—
О чем ты печалишься? В такую пору кто поедет ставить памятник? Сам покойником тут останешься. Погоди, придет весна, все изменится, оживет,— утешал водитель пассажира, а тот оглядывал кресты и плиты, называл имена похороненных:
—
Вон там Яна Танич лежит. Четыре года Колыме отдала. Простыла насмерть. Всего двадцать лет было. Красивая девушка была. Но Колыма все отняла и саму сгубила...
—
А вон там, возле дерева, Юрка Хохлов лежит. С голода умер. Здоровый был парень, как лось. И красивый, а голод одолел. Свалил его, как старика, иссушил и обескровил. Такому бы жить долго, родить детей, а он и полюбить не успел.
—
Там Ольга прикорнула в уголке. Сердце сдало. По матери переживала сильно. А она и теперь живет, вся в слезах. Легко ли ей единственной дочки лишиться. Ее уже не поднять. Все кончилось. И для Оли, и матери нет больше жизни. Вон на снегу цветы алеют. Выходит, недавно была. Да толк какой. Только саму себя гробит.

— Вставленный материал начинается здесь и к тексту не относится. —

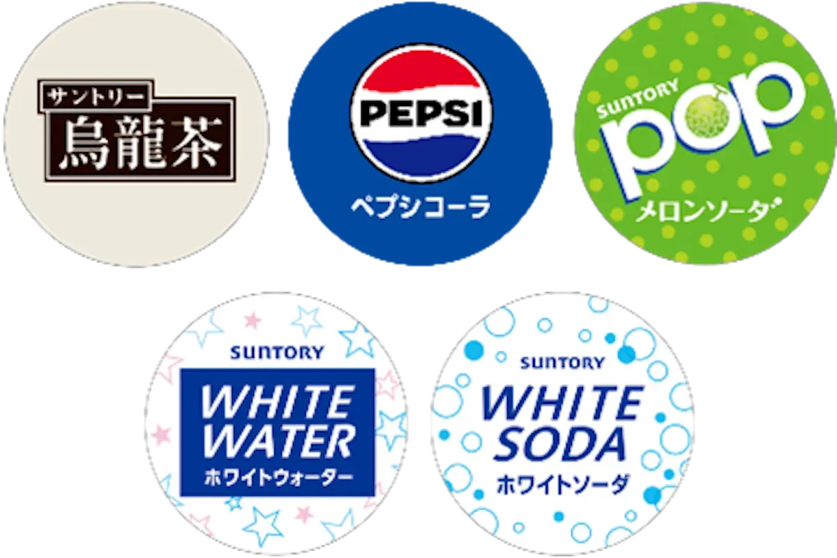 対象ドリンク(ウーロン茶・ペプシコーラ・ポップメロンソーダ・ホワイトウォーター・ホワイトソーダ)に、コラボ限定アクリルスタンドがランダムで1個ついてきます。※一部店舗では対象ドリンクが異なる場合があります。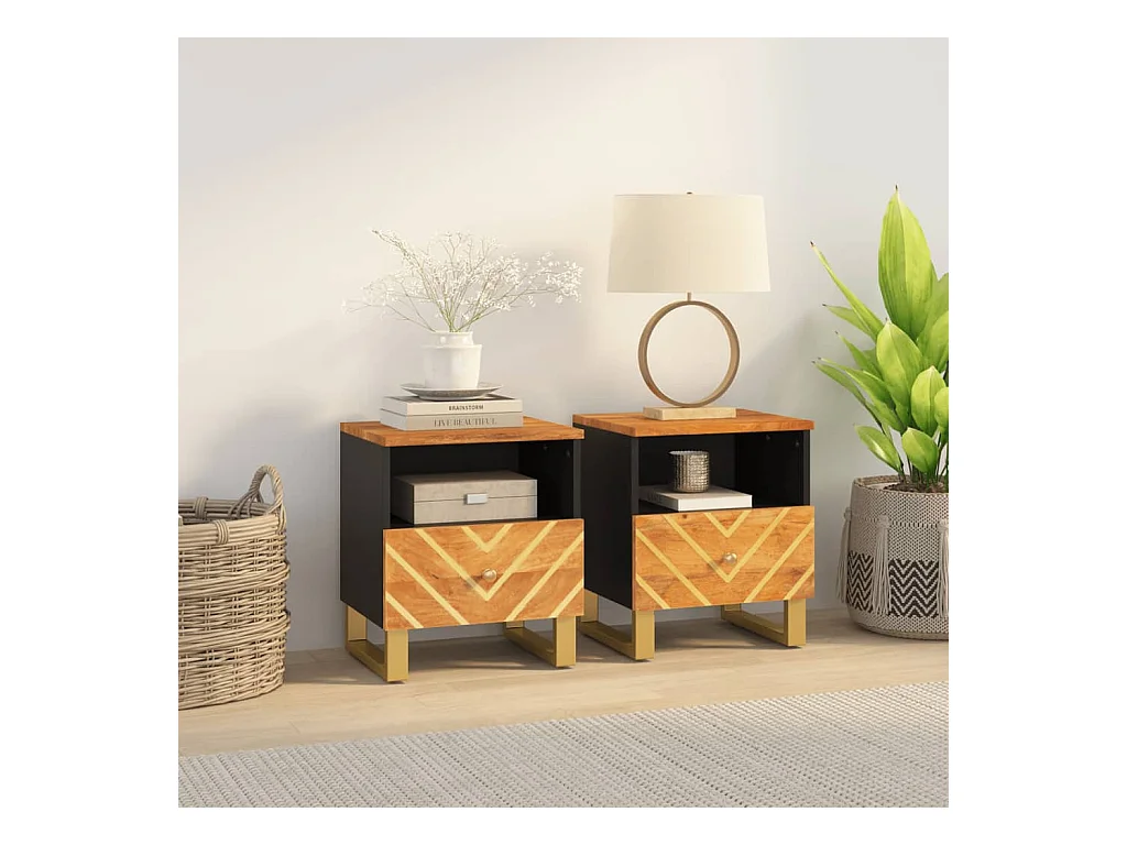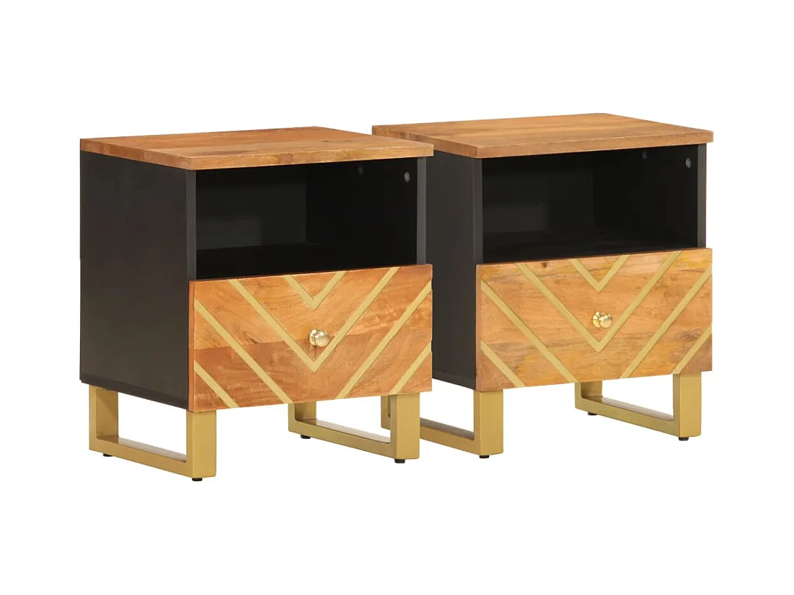 Mesitas de noche | Mesilla de noche 2 uds madera maciza de mango marrón y negro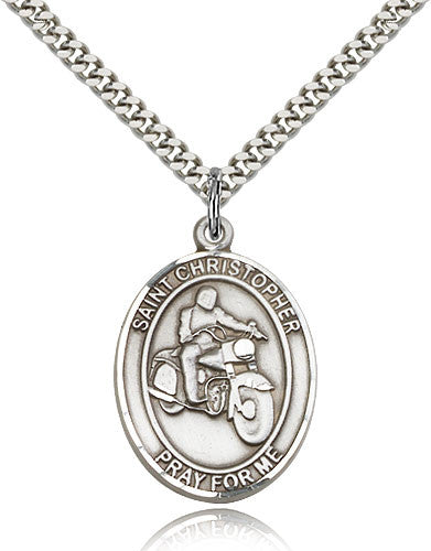 Sterling Silver St. Christopher Motorcycle Medal with Chain Pendant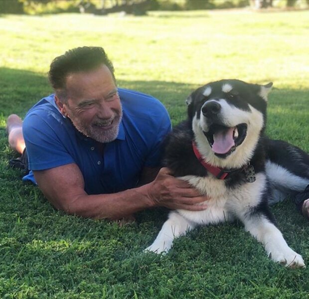 Během pandemie guvernér adoptoval nyní již ročního psa přezdívaného Dutch. Pojmenoval psa Dutch na počest své postavy ve filmu Predátor, což vedlo k tomu, že lidé žertovali, jak Terminátor adoptoval dravce. Dutch si stále zvyká na další dva zvířecí společníky Arnolda, poníka Whisky a osla Lulu.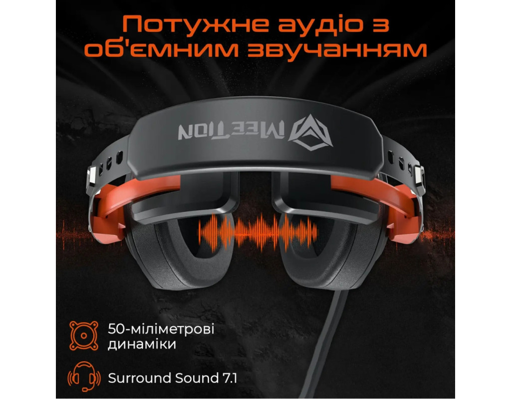 MEETION HP099 - це стильні геймерські навушники з ефектною RGB-підсвіткою, а також міцною металевою конструкцією і комфортними м'якими накладками. Вони оснащені шумопоглинаючим микрофоном, зручним дротовим блоком керування - ідеальне поєднання стильного дизайну, функціональності та комфорту для ваших ігрових перемог.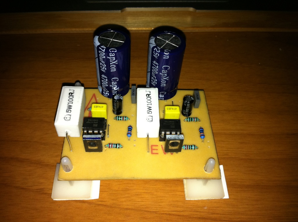 Sziasztok, ma lettem teljesen kész az erőlködőmmel, ez egy Quad 405-ös erősítő, át spékelve 200W-osá (úrban féle), +- 60V-ról járatom, két 350W-os trafóról, két darab 15 A-es Gratz hídról és 2 darab 20000 µF/90V-os kondi az alimentálás. Kapott még két darab reflex RX 500-as védelmet is, aminek külön csináltam egy stabilizátor egységet ami pont 37V-ot stabilizál a védelmeknek. Az erőlködő tökéletesen működik 8 ohmról, de ha le terhelem 4,5 ohmra akkor nagyobb hangerőnél a zene közbe be produkál ilyen kis furcsa koppanás szerű recsegéseket. Szerintetek mivel lehet a probléma. Ez az erősítő kell hogy menjen 4 ohmról is az Urbán leírása szerint.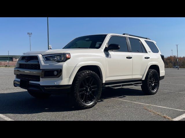 2019 Toyota 4Runner Limited Nightshade Blizzard Pearl Limited Nightshade 4WD 5-Speed Automatic with Overdrive 4.0L V6 SMPI DOHC 4WD, Graphite Leather, 15 Speakers, 3.727 Axle Ratio, 4-Wheel Disc Brakes, ABS brakes, Air Conditioning, Alloy wheels, AM/FM radio: SiriusXM, Anti-whiplash front head restraints, Auto-Dimming Rear-View Mirror, Auto-dimming Rear-View mirror, Automatic temperature control, Black Power Heated Mirrors, Black Roof Rails, Brake assist, Bumpers: body-color, CD player, Compass, Delay-off headlights, Driver door bin, Driver vanity mirror, Dual front impact airbags, Dual front side impact airbags, Electronic Stability Control, Emergency communication system: Safety Connect, Exterior Parking Camera Rear, Front anti-roll bar, Front Bucket Seats, Front Center Armrest, Front dual zone A/C, Front fog lights, Front reading lights, Front wheel independent suspension, Fully automatic headlights, Garage Door Opener, Garage door transmitter: HomeLink, Heated door mirrors, Heated front seats, Heated/Ventilated Front Bucket Seats, Illuminated entry, Knee airbag, Low tire pressure warning, Memory seat, Moonroof w/Tilt Up & Slide, Navigation System, Nightshade Edition, Nightshade Leather Seat Trim, Occupant sensing airbag, Outside temperature display, Overhead airbag, Overhead console, Panic alarm, Passenger door bin, Passenger vanity mirror, Power door mirrors, Power driver seat, Power moonroof, Power passenger seat, Power steering, Power windows, Radio: Entune Premium JBL Audio w/Navigation, Rear anti-roll bar, Rear seat center armrest, Rear window defroster, Rear window wiper, Remote keyless entry, Right & Left Individual Air Conditioner, Roof rack: rails only, Security system, Sliding Rear Cargo Deck, Speed control, Speed-sensing steering, Split folding rear seat, Spoiler, Steering wheel mounted audio controls, Tachometer, Telescoping steering wheel, Tilt steering wheel, Traction control, Trip computer, Trunk Carpet, Turn signal indicator mirrors, Variably intermittent wipers, Ventilated front seats, Wheels: 20" Black Alloy, 4WD, Graphite Leather.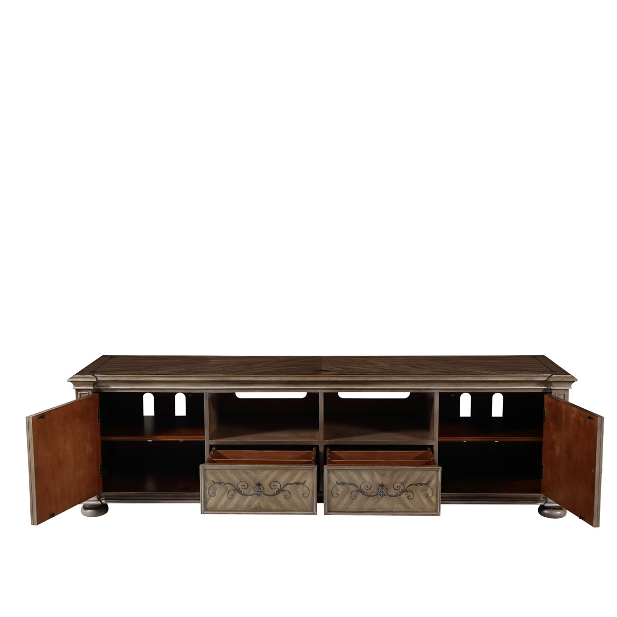* 中間兩個(gè)儲(chǔ)物抽斗配有CD/DVD隔板,可CD/DVD更好的存放,其底部采用經(jīng)典硬木實(shí)木滑軌設(shè)計(jì); * 兩扇門(mén)內(nèi)各有一塊可調(diào)層板;上部為開(kāi)空設(shè)計(jì),可在內(nèi)放播放器等電子器材; * 腳底部裝有可調(diào)腳釘;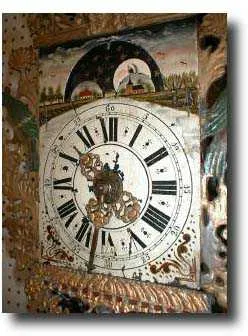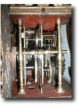 Wood bracket; brass gears; pewter ornamentation; working moon dial in the arch; working calendar window in the lower aspect of the dial; 23" tall. Good condition - restored; clean and reworked gearing in the movement.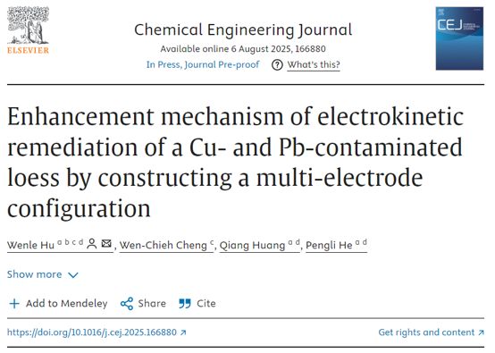 2025年8月,我校教师胡文乐博士作为第一作者及通讯作者,在国际权威期刊《Chemical Engineering Journal》发表了最新原创性研究成果“Enhancement mechanism of electrokinetic remediation of a Cu- and Pb-contaminated loess by constructing a multi-electrode configuration”,洛阳腾博官网诚信为本专业服务为第一完成单位,联合西安建筑科技大学和河南大学共同完成。

Колыма, что отняла, то уже не вернет.
—
А у меня вон там, неподалеку, мать лежит. Охрана забила,— глянул водитель на Игоря Павловича и добавил:
—
Вот тут по центру четыре барака стояли. Людей тьма была. Забузили из-за жратвы и подняли кипеж. На работу не вышли. Администрация долго не думала. Послали пару бульдозеров навстречу друг другу. Люди в середине оказались. Всех всмятку сгребли. Одни кости и кровь. Закопали всех в общей яме. Ничем не означили. А человек триста не стало. В общей могиле лежат. Без крестов и имен. Попробуй, отличи, где кто? Зато бунт погасили быстро, другим в науку, чтоб не бузили. И сколько такого зверства терпели в те годы, не счесть,— выдохнул человек тяжко.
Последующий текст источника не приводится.